TASK INPUT:
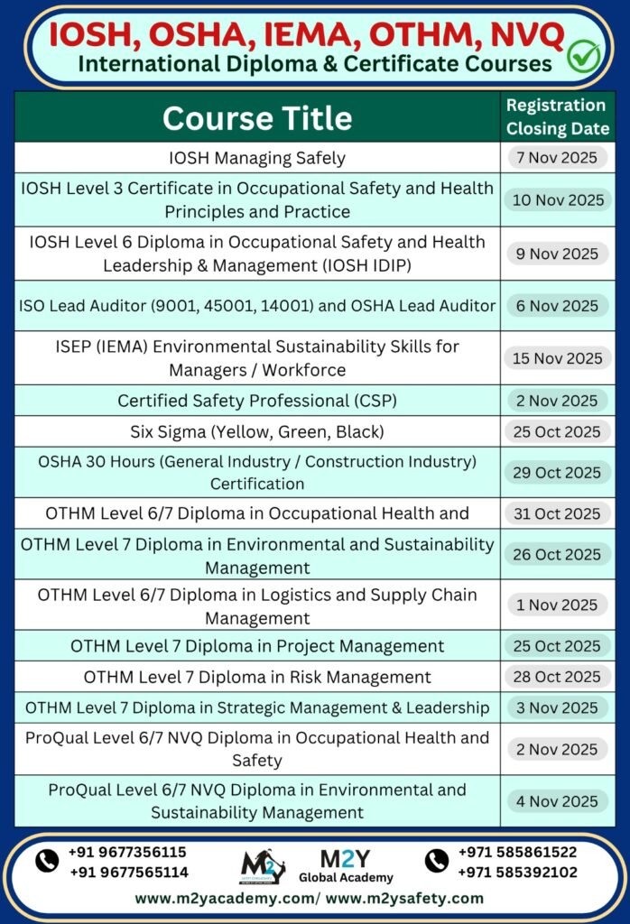 At M2Y Global Academy, we are dedicated to advancing occupational health and safety standards by providing high-quality safety education and training programs. Whether you’re a fresher aiming for a safety officer role or an experienced professional seeking career advancement, our academy offers the resources, training, and global certifications you need to succeed in today’s competitive safety industry.
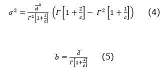El MM consiste en relacionar los parámetros b y c de la FDP Weibull con el primer y el segundo momento de la distribución diamétrica (diámetro promedio y varianza). Lei (2008) indica que los parámetros b y c se resuelven con las expresiones siguientes:
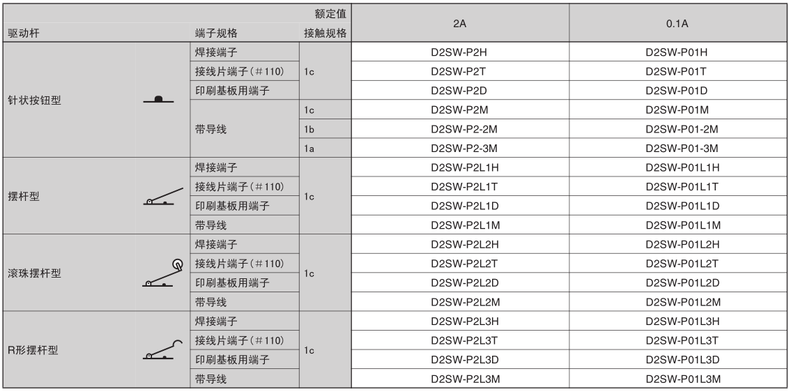 ? 可動片為單頁片式構(gòu)造可以對應(yīng),AC250V 2A開閉,也有微小負(fù)載型。
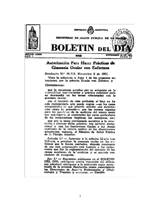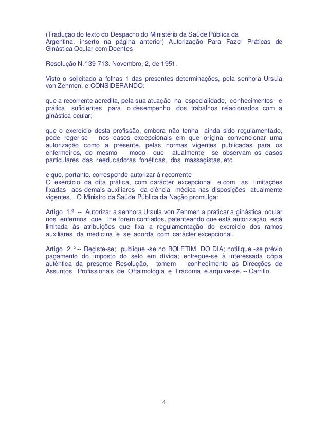 4. 4. 4 (Tradução do texto do Despacho do Ministério da Saúde Pública da Argentina, inserto na página anterior) Autorização Para Fazer Práticas de Ginástica Ocular com Doentes Resolução N.° 39 713. Novembro, 2, de 1951. Visto o solicitado a folhas 1 das presentes determinações, pela senhora Ursula von Zehmen, e CONSIDERANDO: que a recorrente acredita, pela sua atuação na especialidade, conhecimentos e prática suficientes para o desempenho dos trabalhos relacionados com a ginástica ocular; que o exercício desta profissão, embora não tenha ainda sido regulamentado, pode reger-se - nos casos excepcionais em que origina convencionar uma autorização como a presente, pelas normas vigentes publicadas para os enfermeiros, do mesmo modo que atualmente se observam os casos particulares das reeducadoras fonéticas, dos massagistas, etc. e que, portanto, corresponde autorizar à recorrente O exercício da dita prática, com carácter excepcional e com as limitações fixadas aos demais auxiliares da ciência médica nas disposições atualmente vigentes, O Ministro da Saúde Pública da Nação promulga: Artigo 1.º -- Autorizar a senhora Ursula von Zehmen a praticar a ginástica ocular nos enfermos que lhe forem confiados, patenteando que está autorização está limitada às atribuições que fixa a regulamentação do exercício dos ramos auxiliares da medicina e se acorda com carácter excepcional. Artigo 2.° -- Registe-se; publique -se no BOLETIM DO DIA; notifique -se prévio pagamento do imposto do selo em dívida; entregue-se à interessada cópia autêntica da presente Resolução, tomem conhecimento as Direcções de Assuntos Profissionais de Oftalmologia e Tracoma e arquive-se. -- Carrillo.
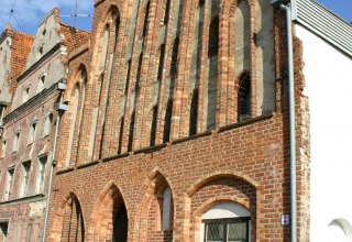 Gotisches Giebelhaus aus dem 14. Jahrhundert, mit erhaltenem Hausbaum und originalem Aufzugsrad im Dachgeschoss.

INSTRUCTIONS TO FOLLOW:
A word-for-word copy of the data above is needed, one that omits the pictures.

ANSWER:
 At M2Y Global Academy, we are dedicated to advancing occupational health and safety standards by providing high-quality safety education and training programs. Whether you’re a fresher aiming for a safety officer role or an experienced professional seeking career advancement, our academy offers the resources, training, and global certifications you need to succeed in today’s competitive safety industry.
El MM consiste en relacionar los parámetros b y c de la FDP Weibull con el primer y el segundo momento de la distribución diamétrica (diámetro promedio y varianza). Lei (2008) indica que los parámetros b y c se resuelven con las expresiones siguientes:
 ? 可動片為單頁片式構(gòu)造可以對應(yīng),AC250V 2A開閉,也有微小負(fù)載型。
 4. 4. 4 (Tradução do texto do Despacho do Ministério da Saúde Pública da Argentina, inserto na página anterior) Autorização Para Fazer Práticas de Ginástica Ocular com Doentes Resolução N.° 39 713. Novembro, 2, de 1951. Visto o solicitado a folhas 1 das presentes determinações, pela senhora Ursula von Zehmen, e CONSIDERANDO: que a recorrente acredita, pela sua atuação na especialidade, conhecimentos e prática suficientes para o desempenho dos trabalhos relacionados com a ginástica ocular; que o exercício desta profissão, embora não tenha ainda sido regulamentado, pode reger-se - nos casos excepcionais em que origina convencionar uma autorização como a presente, pelas normas vigentes publicadas para os enfermeiros, do mesmo modo que atualmente se observam os casos particulares das reeducadoras fonéticas, dos massagistas, etc. e que, portanto, corresponde autorizar à recorrente O exercício da dita prática, com carácter excepcional e com as limitações fixadas aos demais auxiliares da ciência médica nas disposições atualmente vigentes, O Ministro da Saúde Pública da Nação promulga: Artigo 1.º -- Autorizar a senhora Ursula von Zehmen a praticar a ginástica ocular nos enfermos que lhe forem confiados, patenteando que está autorização está limitada às atribuições que fixa a regulamentação do exercício dos ramos auxiliares da medicina e se acorda com carácter excepcional. Artigo 2.° -- Registe-se; publique -se no BOLETIM DO DIA; notifique -se prévio pagamento do imposto do selo em dívida; entregue-se à interessada cópia autêntica da presente Resolução, tomem conhecimento as Direcções de Assuntos Profissionais de Oftalmologia e Tracoma e arquive-se. -- Carrillo.
 Gotisches Giebelhaus aus dem 14. Jahrhundert, mit erhaltenem Hausbaum und originalem Aufzugsrad im Dachgeschoss.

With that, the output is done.